La Lega Nord resterà a destra?

Con un governo Prodi bisognoso di sostegno, potrebbe nascere un federalismo di sinistra

di Antonio Gesualdi - 03 maggio 2006

E se la Lega Nord riaprisse il fascicolo della sinistra? Tra le tante che si sono viste, scritte e lette durante la due-giorni parlamentare per le elezioni dei presidenti di Camera e Senato, ai più attenti, non saranno sfuggite le piccole cronache dei saluti, delle pacche sulle spalle e degli ammiccamenti tra "esponenti di spicco" della Lega Nord e della sinistra. Di che cosa avranno parlato questi "esponenti di spicco"?
Forse del discorso di Pontida tenuto da Umberto Bossi nel lontano 1993. Allora Bossi chiarì che la Lega Nord non era e non è un partito che sta nel sistema e quindi si colloca di qua o di là, ma la Lega Nord è un movimento che vuole cambiare il sistema e dunque combatte anche la partitocrazia. Un modo politichese per dire che la Lega Nord combatte, sì, la partitocrazia, ma lo fa con qualsiasi mezzo per raggiungere l"obiettivo del federalismo, anche facendosi partito e coltivando "esponenti di spicco". E siamo al dunque.
Il prossimo mese la Lega Nord arriva al dunque della propria storia politica delle origini. Il referendum sulla devolution sarà lo spartiacque: se riesce la Lega Nord continuerà a stare a destra e ad essere percepito come partito di destra. Del resto prende i voti nel Nord Italia dove – se fosse vero che il Paese è spaccato in due – c"è un gran bel pezzo di italiani che non ha votato i partiti che appoggiano Prodi. Se la devolution non passerà la Lega Nord torna punto e capo: ovvero torna ad essere movimento... in movimento.
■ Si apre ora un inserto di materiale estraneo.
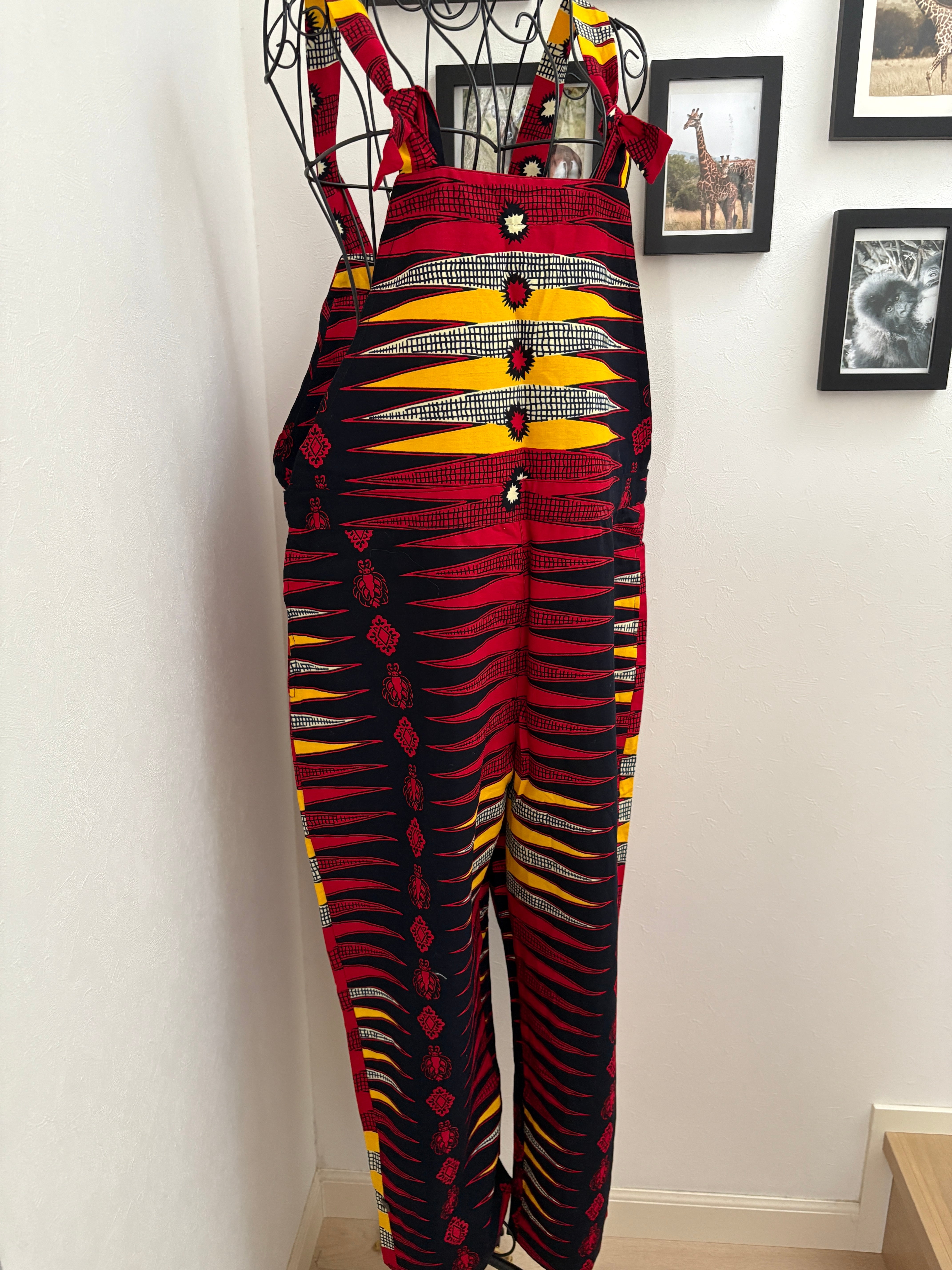 その名のとおり、V字サロペットパンツはファッションに新たな風を吹き込むアイテムです。脚元がワイドなスタイルで、動きやすさとリラックスした雰囲気を兼ね備えています。肩紐にはゴムが使用されており、着心地も抜群。アフリカンテイストのデザインが、コーディネートに個性的なアクセントを加えてくれます♪
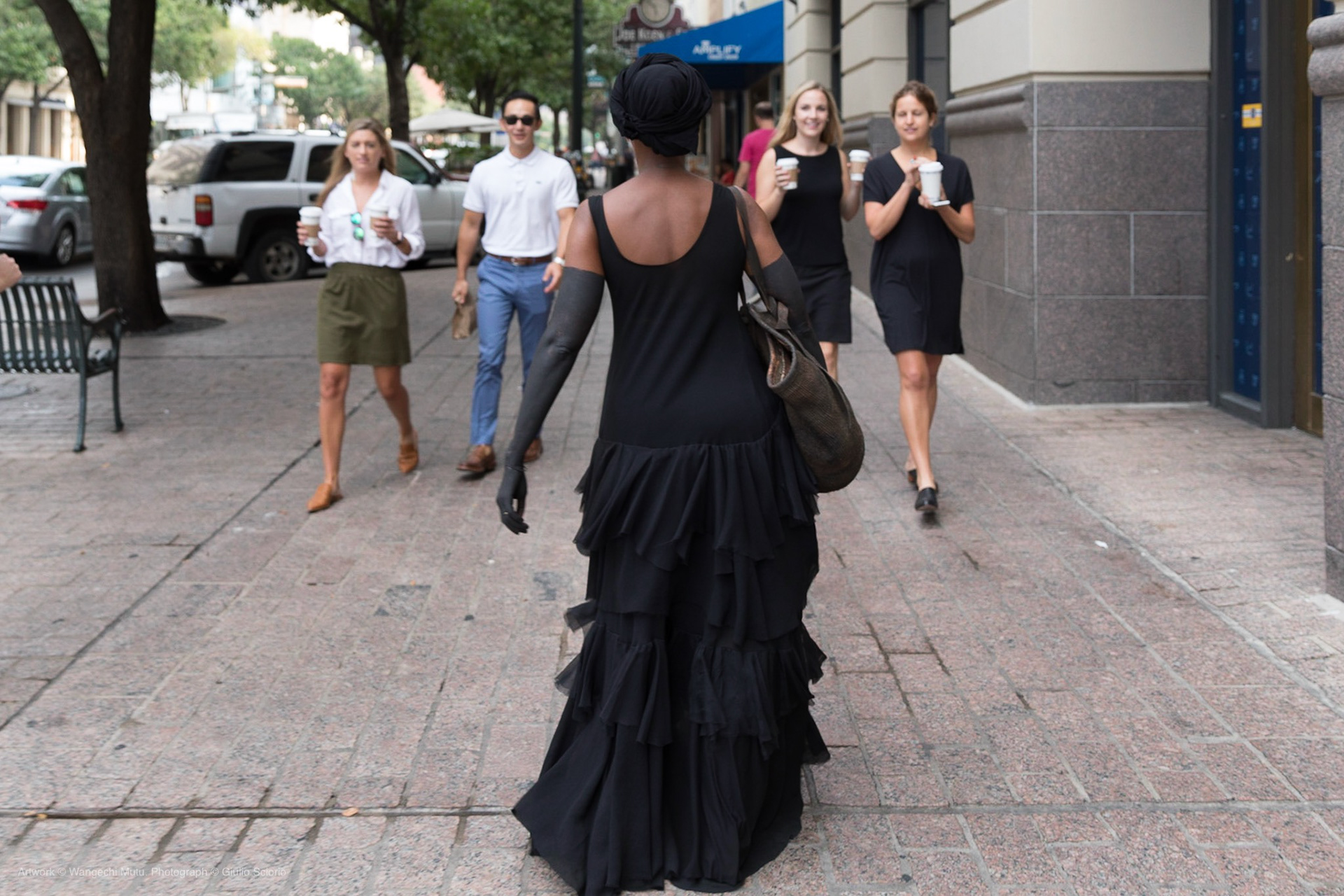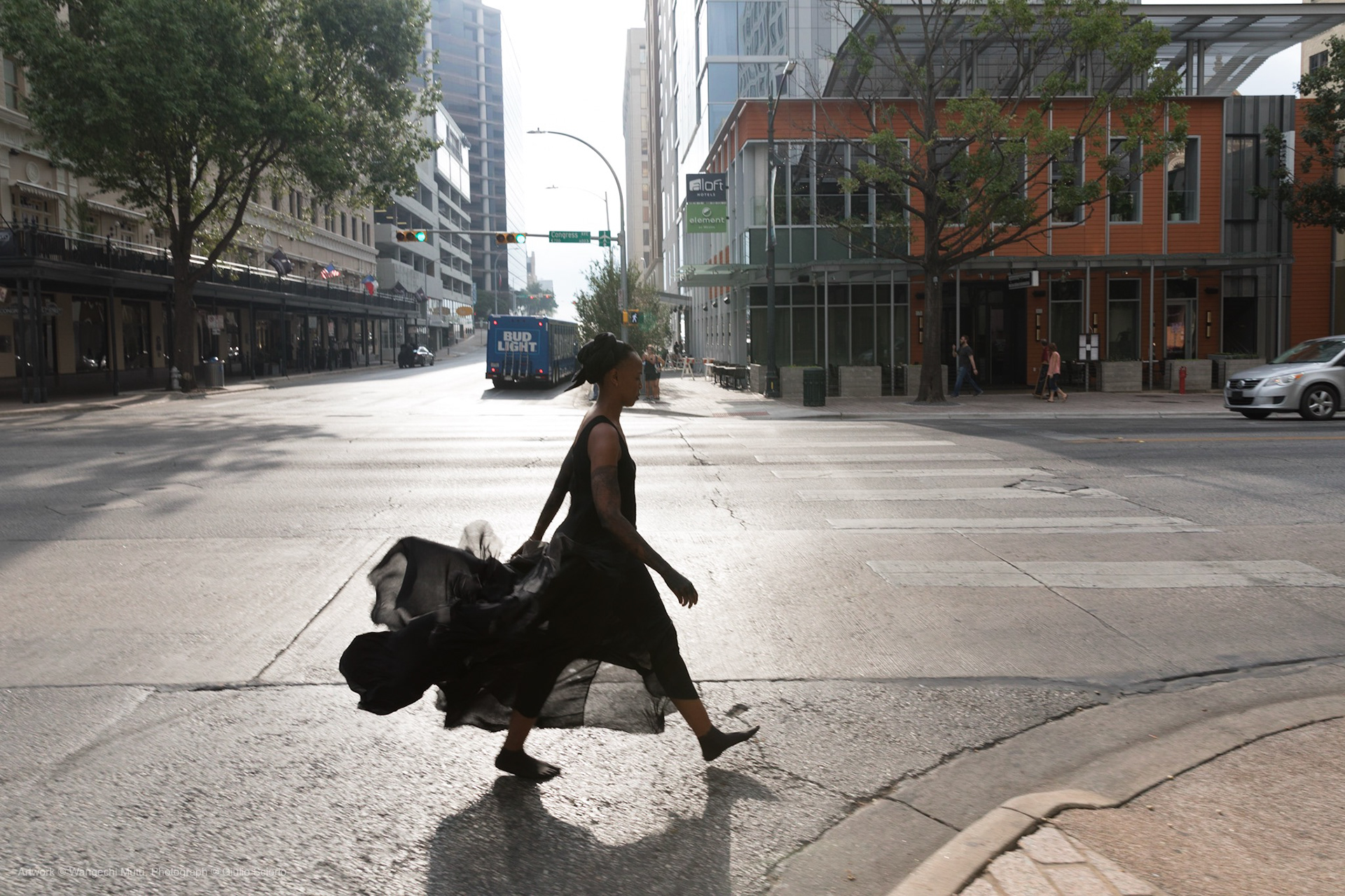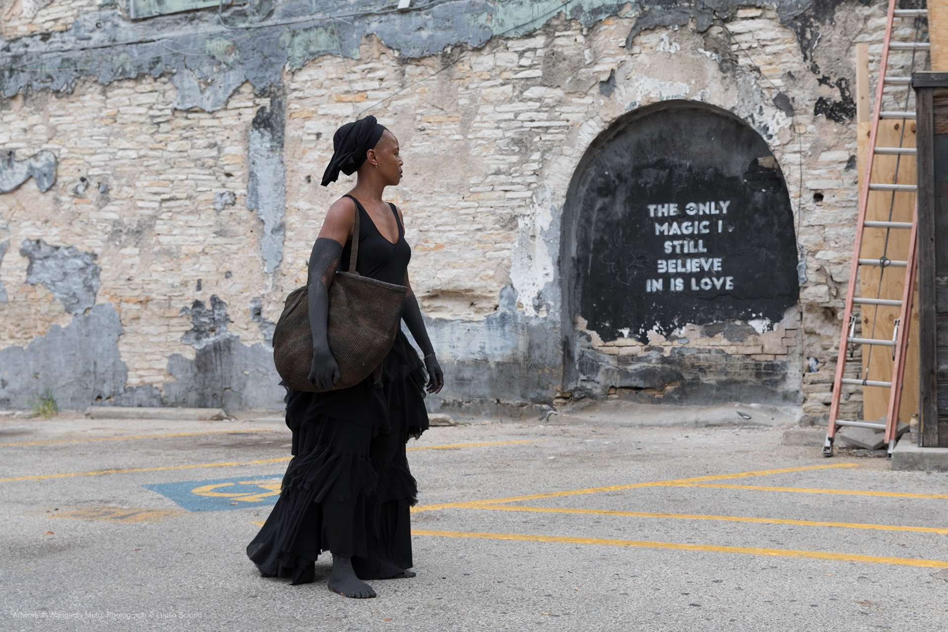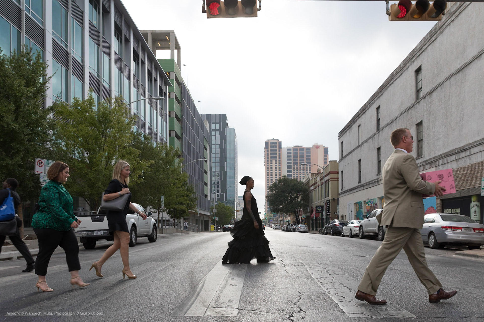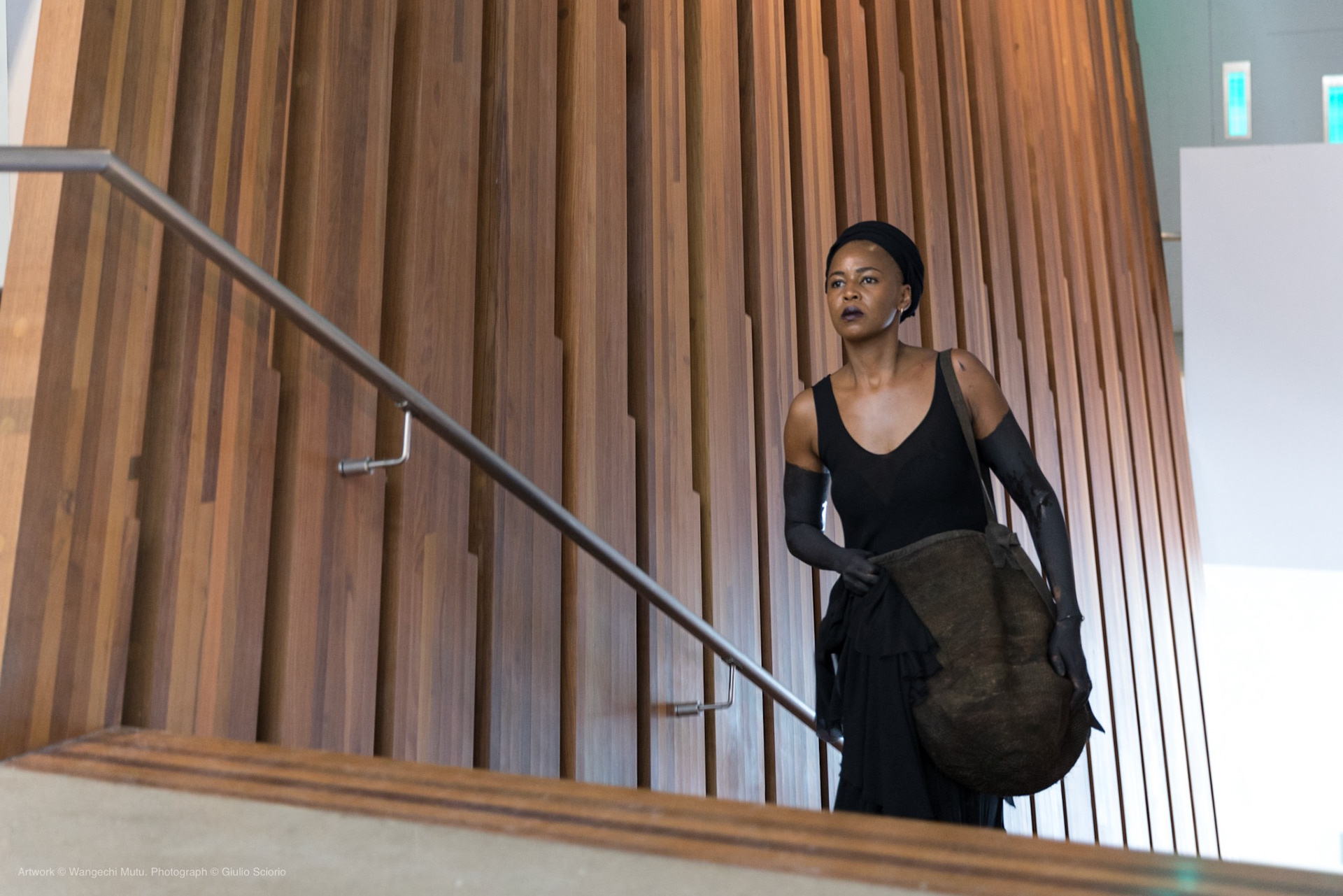 Wangechi Mutu, Throw, 2017 (2016). Site-specific action painting and performance at The Contemporary Austin, Austin, Texas. Dimensions variable. Performance view, September 19 [or 20], 2017. © Wangechi Mutu. Courtesy the artist and Gladstone Gallery, New York and Brussels. Images courtesy The Contemporary Austin. Photographs © Giulio Sciorio.

Ecco cosa spiega gli ammiccamenti tra "esponenti di spicco".
Il governo Prodi avrà bisogno di sostegno esterno, di desistenza tra le fila delle opposizioni, di ricucire in qualche modo il distacco e il sospetto nei suoi confronti degli italiani del Nord. E chi meglio di una Lega Nord in difficoltà potrà trovare spazi tra le fila di un governo di centro-sinistra il difficoltà?
Più forte ancora potrebbe essere la tentazione di questi "esponenti di spicco" della sinistra a trattare ancora prima del referendum. In cambio della devolution – che comunque si potrà sempre cambiare – il governo Prodi potrebbe assicurarsi l"appoggio prezioso della Lega Nord (forse anche la presidenza della Repubblica, finalmente, ad un ex comunista) e almeno una qualche desistenza del Nord.
E se vale la regola che senza il Nordest (almeno) il Paese non si governa il passaggio potrebbe essere obbligato.
Se così fosse il berlusconismo (ovvero l"asse Bossi-Berlusconi) verrà completamente superato e si realizzerà la vera spaccatura del nostro Paese: il Centro Italia (quasi tutto di sinistra) incollato al Nordest (quasi tutto leghista) e il resto degli italiani alla ricerca di una qualche rappresentanza moderata, cattolica e liberale.
Quegli "esponenti di spicco", sia di sinistra che leghisti, sappiano che la vera frattura del nostro Paese è proprio in questo modello: da una parte l"autoritarismo leghista e comunista e dall"altra il liberalismo laico e cattolico. Se questi due autoritarismi vengono diluiti a destra e a sinistra va ancora bene, ma se si dovessero saldare si tratterebbe comunque di una saldatura tra due aree minoritarie: la saldatura politica tra le "regioni rosse" e le "regioni bianche", di fatto, significherebbe l"esclusione del resto del Paese e l"inizio di grandi, vere, tensioni sociali.